When he wasn’t following the intricacies of Martha’s career, he was watching the two of them together on his computer. He didn’t watch the clip he’d sold to Morgan, just the everyday images of their old life. At times he would watch a scene that reminded him of something, and he would go into the closet and search the relics box for an old photograph or script. He would emerge eventually to find that an hour had passed. It had been a mistake to bring the box upstairs, to invite her back into his life. He’d thought it would be harmless to remember from a safe distance what it had been like to be in her thrall, but there was no safe distance.

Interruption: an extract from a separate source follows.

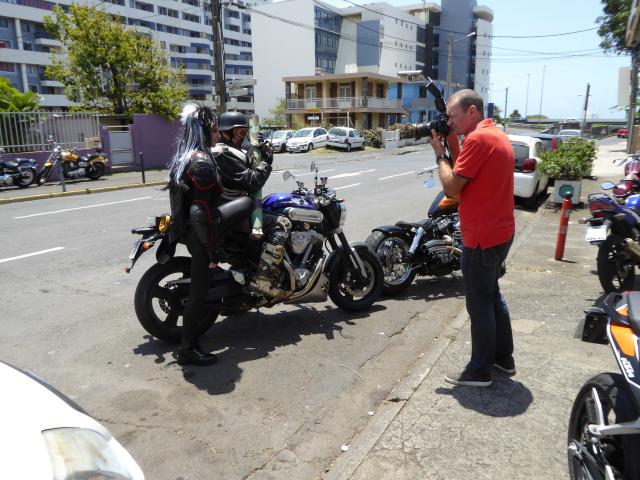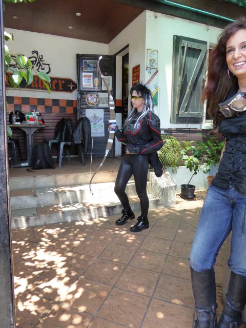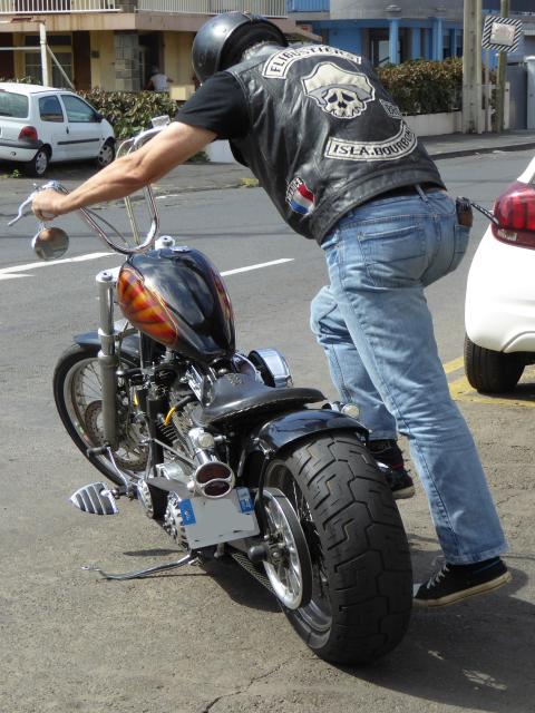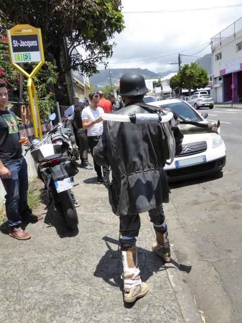 On ne va pas parler d’échec. C’est juste de la passion et de la rigolade. Les vacances scolaires, les maladies, les obligations familiales avec le début de la saison des mariages. Cela arrive. C’est déjà arrivé d’ailleurs. Mais parfois, sans trop qu’on sache pourquoi, la mayonnaise prend et on se retrouve à taper la discute avec plein de motards fiers de leur machine de caractère. Là, non. La peur de se déguiser? C’est vrai qu’on est restés de grands enfants et que pour moi la tenue du motard n’est pas qu’une affaire de protection. Avec Zorro, Robin des bois (j’ai des ancêtres à Sherwood, je vous jure !) et, plus récemment, Ecossais en kilt sans calebute , motard est la tenue la plus cool que je connaisse. Les gens se prendraient-ils au sérieux?

And he wasn’t just following Martha. Justine Bliss had admitted her problem and agreed to check herself in to the hospital. Entertainment Daily had exclusive access to her first days there. They reported every meal she ate and every morning weigh-in. Meanwhile Sandra Scopes, three-time winner of Scavenger: Urban Adventure Edition , had been diagnosed with breast cancer.
“There’s a lesson here,” Sandra told Marian Blair. “If it can happen to me it can happen to anyone.”